The original Joint Comprehensive Plan of Action was reached in July 2015 between Iran, the United States, the other P5+1 powers and the European Union. It took effect on January 16, 2016, after the International Atomic Energy Agency verified that Iran had completed key initial steps, including shipping out about 25,000 pounds of enriched uranium, dismantling about two-thirds of its centrifuges and accepting more intrusive inspections. In return, Iran was supposed to receive sanctions relief, while the deal’s restraints were set to expire over roughly 10 to 25 years.

Trump blew up that structure on May 8, 2018, when the United States announced its withdrawal. He later branded the JCPOA the “worst deal ever,” arguing that it did not go far enough in constraining Iran. For Iranian officials, the exit did more than end one agreement. It weakened confidence that any future U.S. commitment would survive the next election or the next shift in Washington’s political mood.

That institutional doubt remains central now. Trump said in April 2026 that any new agreement would be better than the 2015 accord, but analysts and former negotiators say mutual mistrust makes a fast deal unlikely. The problem is not only whether the parties can settle the terms. It is whether either side believes those terms will still hold when political power changes hands again.

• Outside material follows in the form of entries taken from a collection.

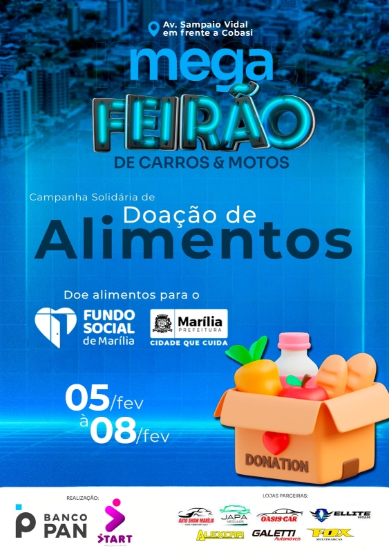 A Prefeitura de Marília convida a população a visitar o evento e contribuir com a causa social. As cestas básicas arrecadadas serão destinadas às entidades e famílias em situação de vulnerabilidade atendidas pelo Fundo Social.
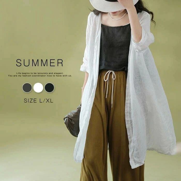 カーディガン レディース ロングカーディガン 綿麻風 uv カーディガン 夏 七分袖 紫外線対策 冷房対策 大きいサイズ ゆったり 体型カバー 無地 透け感 綿麻風カーディガン ナチュラル風 春夏 おしゃれ きれいめ xzzhang414 | オキナ商店
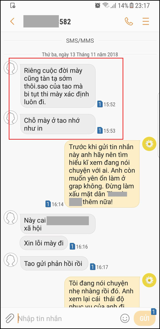 Sau mâu thuẫn trên, em gái của chị N.P đã nhận rất nhiều tin nhắn của tài xế GrabBike với nội dung hết đe doạ rồi lại khen xinh đẹp, đòi hẹn gặp vì “nhớ”. Thậm chí, nhiều số điện thoại lạ đã nhắn tin, gọi điện cho cô gái trẻ để gạ gẫm, hẹn hò đầy khiếm nhã. Chị N.P bức xúc cho rằng tài xế GrabBike đã đưa số điện thoại của em mình lên group “gái gọi” để trả đũa, do vậy em chị mới bị làm phiền.
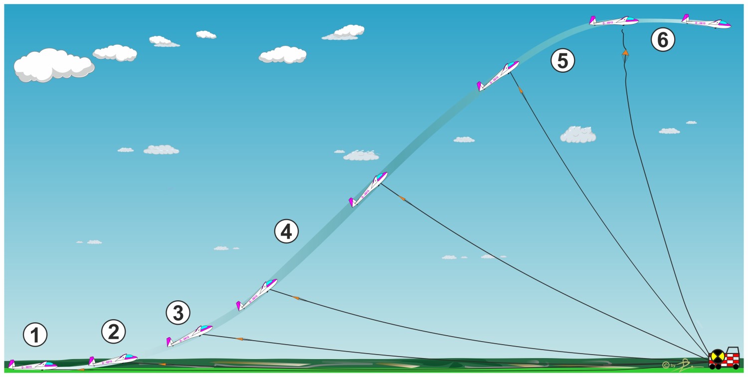 Wenn du zu langsam geschleppt wirst, musst du den Steuerknüppel nachlassen. Du meldest deine Fluggeschwindigkeit über Funk. Der Windenfahrer gibt jetzt Gas, deine Geschwindigkeit erhöht sich und du kannst den Steuerknüppel wieder allmählich anziehen.
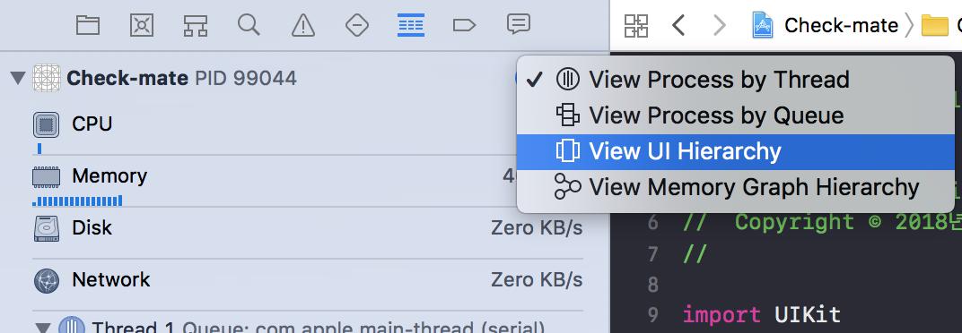 디버깅 중에 View Hierarchy 및 Size, Property가 보고 싶을 때
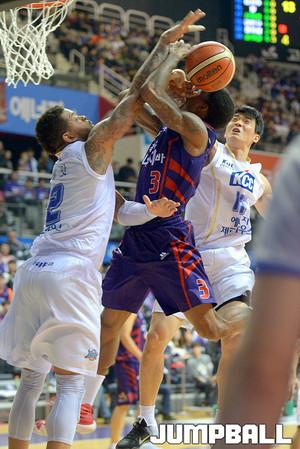 23일 고양 실내체육관에서 열린 '2015-2016 KCC 프로농구' 챔피온 결정전 고양 오리온 과 전주 KCC 의 3차전 경기, 오리온 헤인즈가 kcc 에밋, 전태풍의 수비를 제치고 돌파를 시도하고있다.
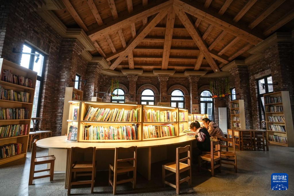 10月6日,游客在沈阳奉天工厂文创园内的城市书房内阅读。
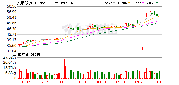 证券日报网讯 10月13日晚间,杰瑞股份发布公告称,摒弃2025年9月30日,公司通过股份回购专用证券账户以集会竞价形式累计回购公司股份3,087,500股,占公司总股本的0.30%。
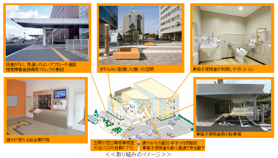 官庁営繕部では、本格的な少子・高齢社会の到来を背景として、ユニバーサルデザインの実現を目指し、高齢者・障害者等を含むすべての人が、安全に、安心して、円滑かつ快適に利用できる官庁施設を目指し、施設整備等を進めていくこととしています。 平成18年には「官庁施設のユニバーサルデザインに関する基準」を制定し、法令において求められる内容を満たすのみではなく、地域住民を含めた施設利用者等から意見聴取を行うユニバーサルデザインレビューの実施、地方公共団体等との連携による周辺地域との一体的なバリアフリー化の実施などにより、すべての人が、安全に、安心して、円滑かつ快適に利用できることを目指した整備を推進しています。
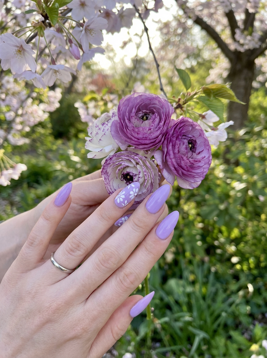 lavender nails with white floral nail art, spring-themed background, soft natural light, close-up of fingers holding a flower, Instagram-ready shot
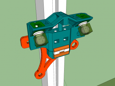 This one will need to be printed with support. In the future, I plan to do a version that reaches out towards the center of the printer, and puts the pulley there, so that the counterweight can take weight directly off the flying extruder platform. For now, the weight is taken off at the carriage. If you have cats, you better figure out some way to keep them away! I've had to take measures to keep mine away from this because they LOVE to swat at the weights and bite the fishing line, especially when the printer is in motion.
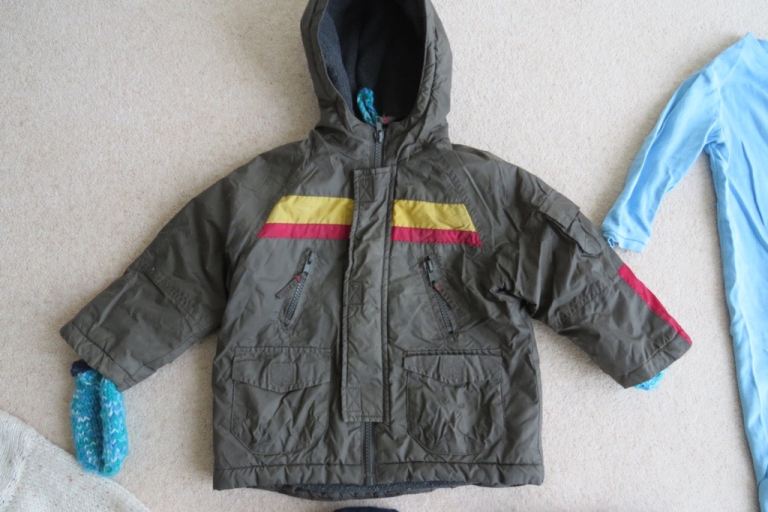 1 x Ladybird Hooded Coat/Jacket with wool mittens (dark green) - zips & pockets
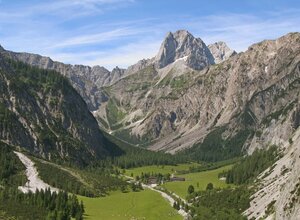 Mit dem PKW zur Gramai Alm. Ab Pertisau am Beginn des Naturpark Karwendels führt eine Mautstraße zur Gramai Alm (geöffnet bis 9. November 2025). Man wandert von der Gramai auf gutem Wanderweg ca. 2 Stunden zur Lamsenjochhütte.
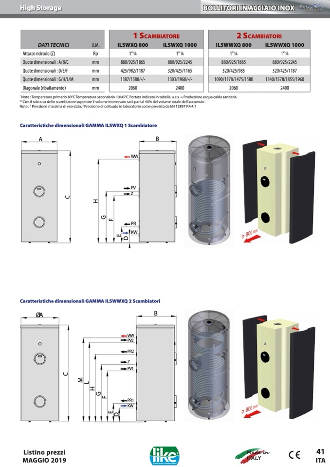 Caratteristiche dimensionali GAMMA ILSWXQ 1 Scambiatore

Inside Iran, that credibility gap carries its own domestic consequences. Hardliners have argued that the 2018 withdrawal proved the United States cannot be trusted, leaving Iranian officials such as Abbas Araghchi under pressure as talks continue. Ali Khamenei’s camp knows that any agreement seen as too dependent on Trump’s word could become a liability at home if Washington reverses course again. In that sense, the obstacle is larger than diplomacy. It is the durability of American commitments themselves.